Python for ecologists

Models - Beyond a simple step matrix

Overview

Teaching: 180 min
Exercises: 0 min
Questions
  • How do I use PAUP to try different evolutionary models?

Objectives
  • Explain what different models are telling us about evolution.

  • Perform heuristic searches under different models.

  • Perform parsimony analyses using PAUP on LONI

What is parsimony doing anyway?

What assumption does parsimony make about how characters evolve?

Go ahead, log into LONI, start an interactive sessions and load paup.

Now, we’ll start paup and read in the data.

paup

execute Data/primate-mtDNA.nex

alltrees

Copy down the score of the best tree.

What about making different assumptions?

Exit Paup.

Copy the BinaryMatrix.nex into our Data folder. Open the Binary Matrix. What are these data? Please add this matrix to the end of the file:

begin assumptions;
 usertype my_ctype stepmatrix=2
     0 1
 [0] . 1
 [1] 0 .

 ;
end;

What is this matrix specifying? Save it. Now, restart PAUP and do a quick hsearch:

execute Data/BinaryMatrix.nex
hsearch

Why is the score on this so much less than the multistate data set?

Now, let’s try using our custom matrix:

ctype my_ctype:1
hsearch

We have imposed a new step matrix on the first character in the matrix.

Let’s draw it on the board. What kind of data do you think would fit this data? What kind of data would fit parsimony?

How does this impact the parsimony score of the data? Why does this make sense? What does this mean for how we conceive of these models?

Homework: How is the parsimony score impacted if you set a different number of characters to the custom model?

Modeling Sequence Evolution

Load in the primate-mtDNA.nex file. What does a step matrix look like for parsimony for nucleotide sequence data?

Perform an exhaustive parsimony search. Build a consensus tree and save it.

Let’s talk about different assumptions we can make about the way molecular sequences evolve.

Transitions and Transversions

Image of Transitions and Transversions via Wikipedia

Exercise on board making this transition matrix, then in text editor.

Apply the new matrix to the whole dataset (898 char), and perform an exhaustive parsimony search.

How has this changed the parismony score of the best tree found? Make a consensus tree and save it. Download and view the two trees we’ve made. Are they different?

Homework: Try the same analysis, except with a 3-1 weighting on transitions to transversions.

Base Frequencies

This is where we will transition from thinking about parsimony to thinking about other methods. Think about a dataset that you have. Do you think that nucleotide bases occur at equal frequencies in those data?

On board: show how the probability of observing a change changes as a function of base frequency.

So what is likelihood anyway?

First, let’s review probability. Dice rolling activity.

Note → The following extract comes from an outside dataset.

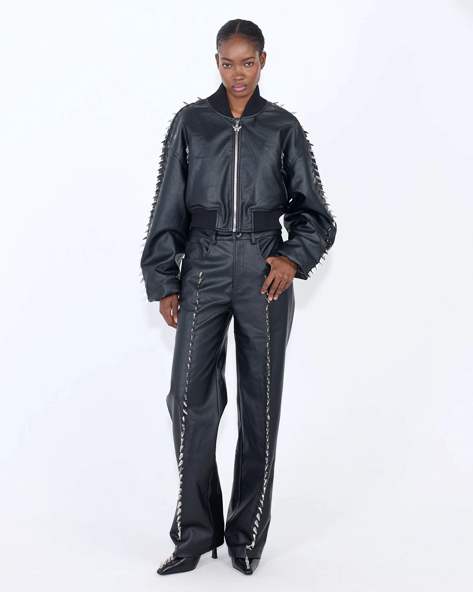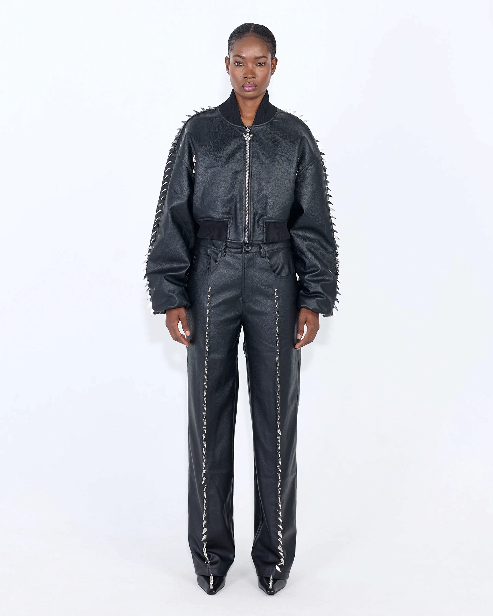 Брюки из плотной фактурной экокожи прямого кроя. Модель на средней посадке прямого кроя дополнена декоративными металлическими шипами вдоль передних швов в виде когтей, создающими четкий вертикальный акцент. Материал держит форму и подчёркивает силуэт.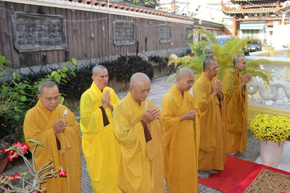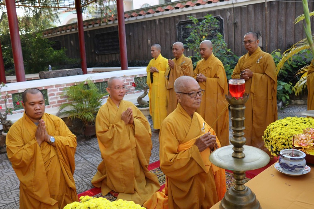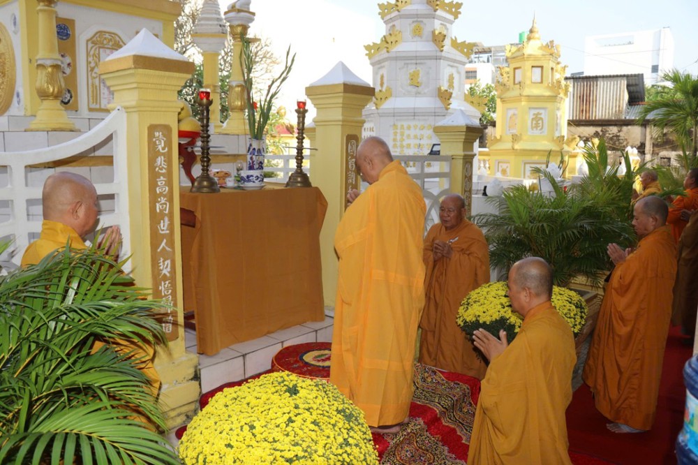 Trong bầu không khí trang nghiêm và thành kính, Chư Tôn thiền đức đã niêm hương bạch Phật, dâng hương tưởng niệm, đảnh lễ và thực hiện nghi thức nhiễu tháp ba vòng, nhất tâm tưởng niệm giác linh chư vị Hòa thượng khai sơn tạo tự, chư vị tiền bối Tổ sư, chư vị trụ trì tiền nhiệm đã dày công khai sáng, gìn giữ và phát triển Chùa Viên Giác qua nhiều thế hệ.

Next, let’s look at how probability applies to phylogenetics. On board: tree, with ancestral states and probabilities labeled on them.

Now, let’s work out the probability of this sequence under JC69.

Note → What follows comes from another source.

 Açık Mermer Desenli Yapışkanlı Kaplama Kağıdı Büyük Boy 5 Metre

Now, let’s do this in paup.

set crit=like;
lset nst=1 basefreq=equal;
hsearch;

But … wait, we just calculated a single site likelihood, and it was really small. Why is this number so big?

Now let’s try with two transition rates:

set crit=like;
lset nst=2 basefreq=equal;
hsearch;

What is your likelihood score? Do you think this is a better or a worse score?

How does the two previous commands differ from:

set crit=like;
lset nst=1 basefreq=emp;
hsearch;

What is the score of this model? And finally:

set crit=like;
lset nst=2 basefreq=emp;
hsearch;

What is the score of this model?

How to make PAUP files executeable

For the homework, I’ve asked you to run several files. In the course repo, I have included a sample primate-executeable file inside the Paup_lab directory. Copy it into your PaupLab folder. Open it in Nano. Let’s look at it together.

I have also included a sample qsub script in the course repository, in PaupLab/scripts. Copy it to your lab directory. Open it in Nano.

Key Points